__DATA TO USE__.
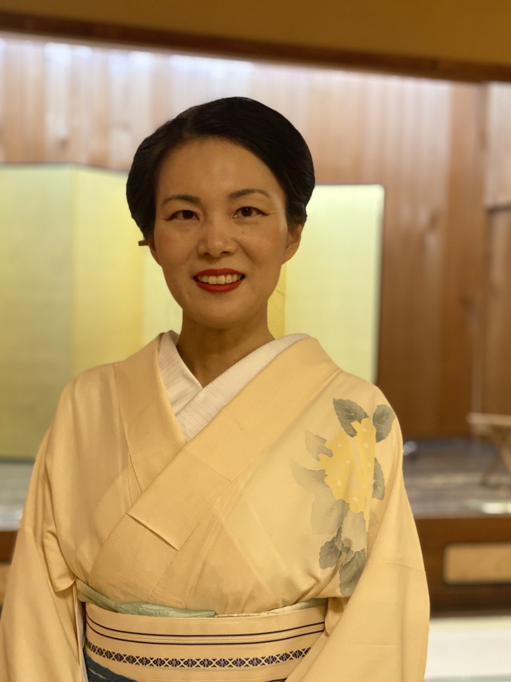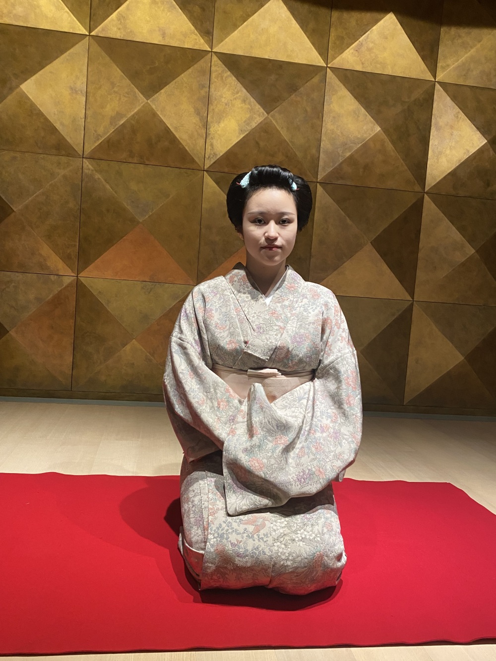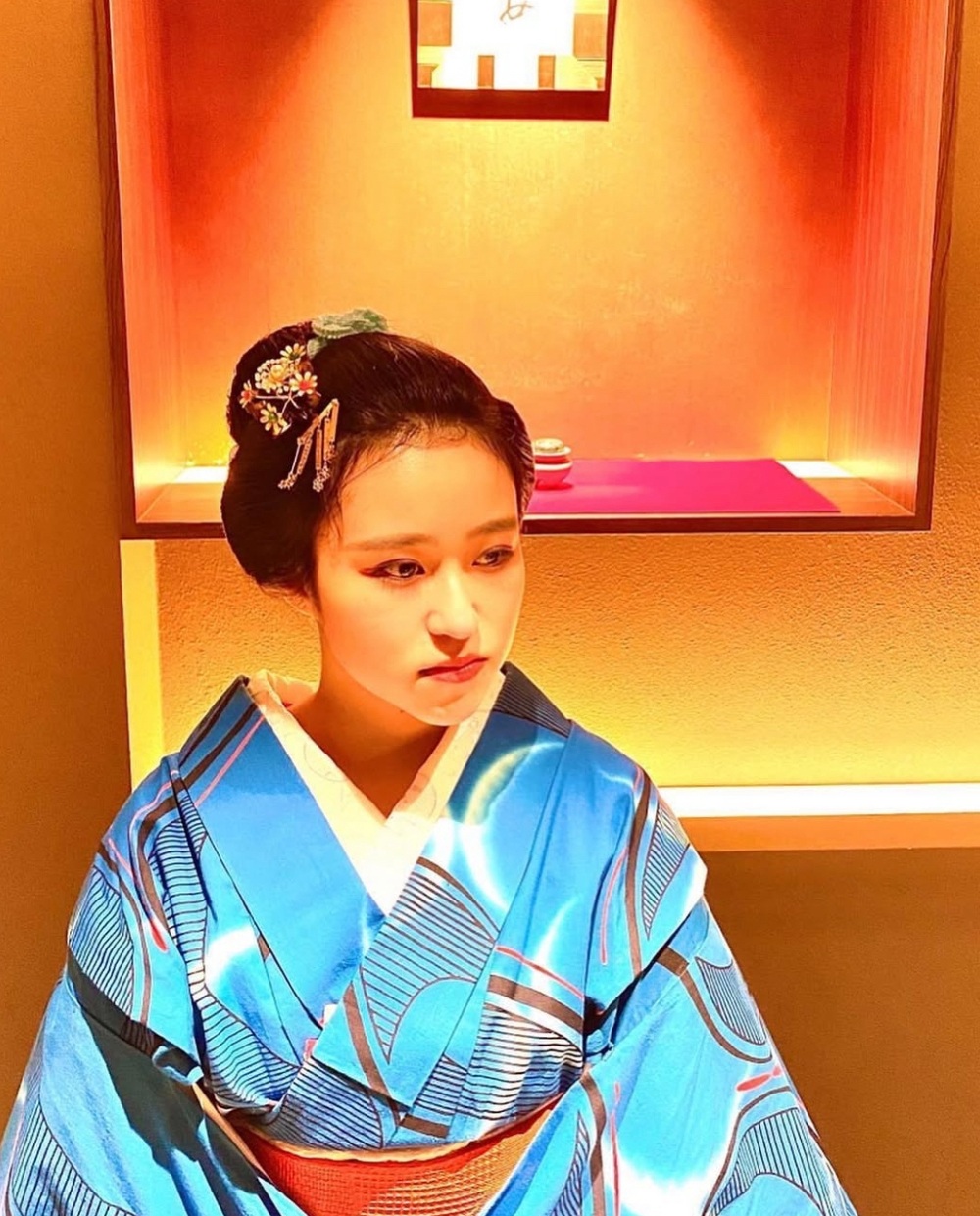現在、「浜町 日々」には3人の芸妓さんがいらっしゃいます。着物姿も凛と美しいかなこさんは、極真空手を習っており、その型(型の動き)が日本舞踊の所作にも役立っているそうです。ちなみに、かなこさんの好きな食べ物は「桃」です。
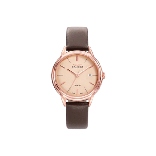 Reloj Sandoz para mujer 81354-97 tres agujas suizo en acero ip rosado con esfera rosado y correa de piel en marrón, calendario. Colección Heritage. Estuche y garantía Sandoz
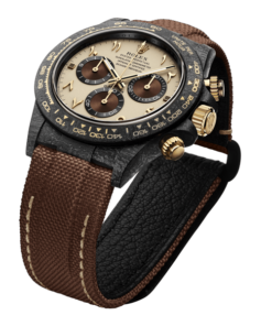 The Daytona Arabic Brown perfectly highlights the traits of its owner: exclusive and aesthetically perfect. When the “Military” series is taken into a new different level. The 18K Gold elements match with its overall style, the case is crafted in high-end carbon fiber.
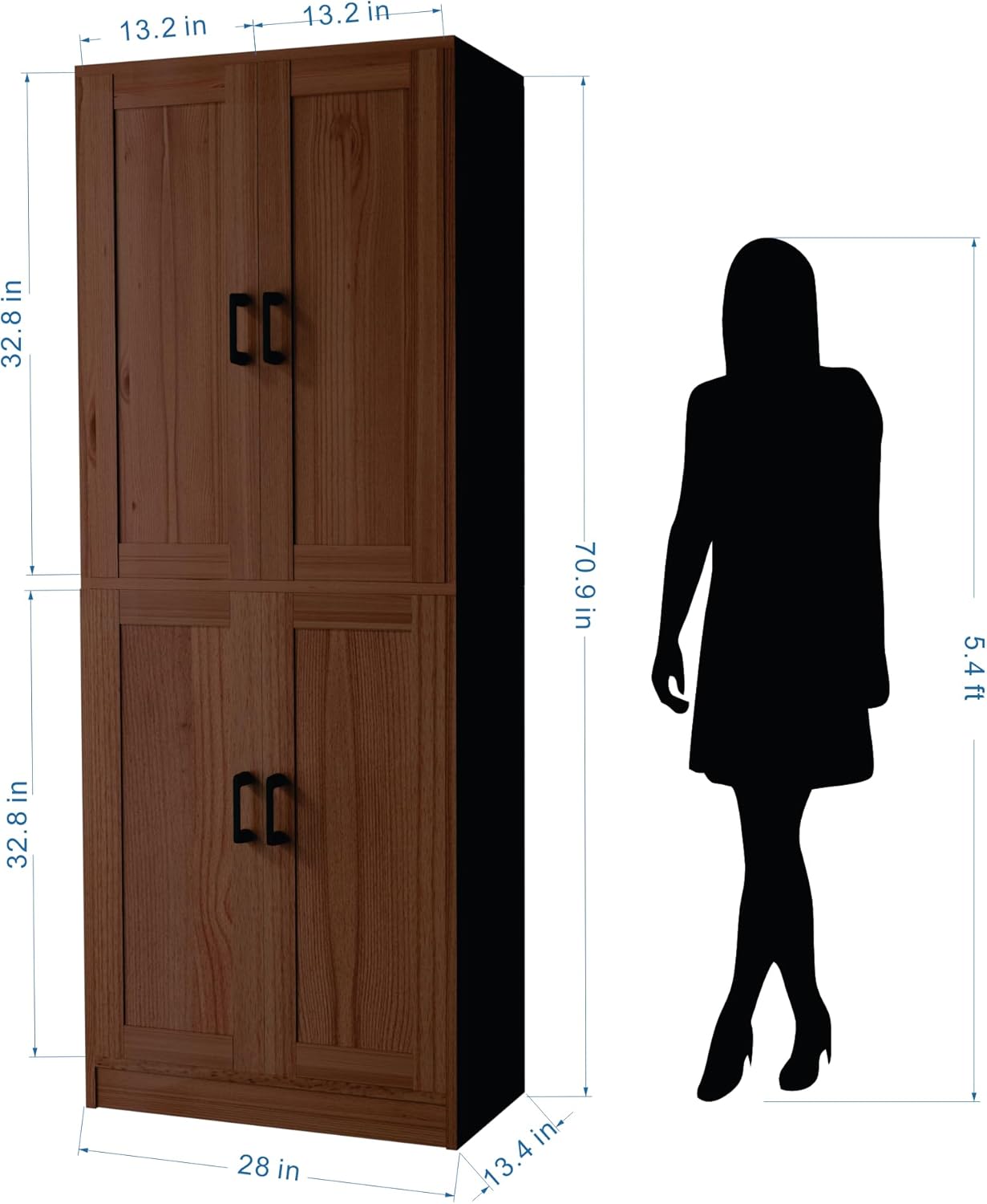 - ✔Multifunctional Storage Cabinet. Our DIYART kitchen pantry works as good as a storage unit and is suitable to use in many different ways at home, such as hallway cabinet or file cabinet in the office. Overall Dimensions: 28"W x 70.9"H x 13.4"D.
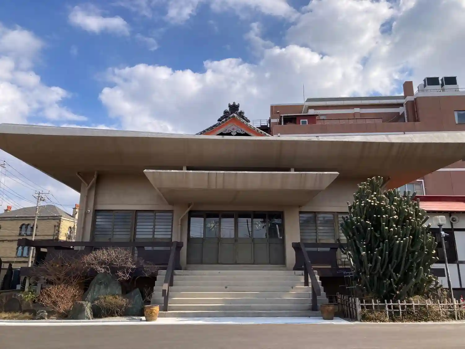 寺務所方向(赤い屋根)、右手は護摩堂(現在は使用されていないようです)。
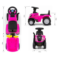 Multifunkčnost pojízdného vozítka zajistí, že dítě rychle neomrzí a hrou bude rozvíjet své manuální dovednosti a motoriku. Traktor má přívěs s hráběmi a lopatou. Upevnění přívěsu zabrání automatickému odpojení. Další výhodou je interaktivní volant s klaksonem, který v kombinaci se zvukovými a světelnými prvky učiní zábavu ještě zajímavější!

__YOUR GOAL__. The response must consist of the entries above exactly as they stand, minus any pictures.

__RESULT OF THE TASK__.
現在、「浜町 日々」には3人の芸妓さんがいらっしゃいます。着物姿も凛と美しいかなこさんは、極真空手を習っており、その型(型の動き)が日本舞踊の所作にも役立っているそうです。ちなみに、かなこさんの好きな食べ物は「桃」です。
 Reloj Sandoz para mujer 81354-97 tres agujas suizo en acero ip rosado con esfera rosado y correa de piel en marrón, calendario. Colección Heritage. Estuche y garantía Sandoz
 The Daytona Arabic Brown perfectly highlights the traits of its owner: exclusive and aesthetically perfect. When the “Military” series is taken into a new different level. The 18K Gold elements match with its overall style, the case is crafted in high-end carbon fiber.
 - ✔Multifunctional Storage Cabinet. Our DIYART kitchen pantry works as good as a storage unit and is suitable to use in many different ways at home, such as hallway cabinet or file cabinet in the office. Overall Dimensions: 28"W x 70.9"H x 13.4"D.
 寺務所方向(赤い屋根)、右手は護摩堂(現在は使用されていないようです)。
 Multifunkčnost pojízdného vozítka zajistí, že dítě rychle neomrzí a hrou bude rozvíjet své manuální dovednosti a motoriku. Traktor má přívěs s hráběmi a lopatou. Upevnění přívěsu zabrání automatickému odpojení. Další výhodou je interaktivní volant s klaksonem, který v kombinaci se zvukovými a světelnými prvky učiní zábavu ještě zajímavější!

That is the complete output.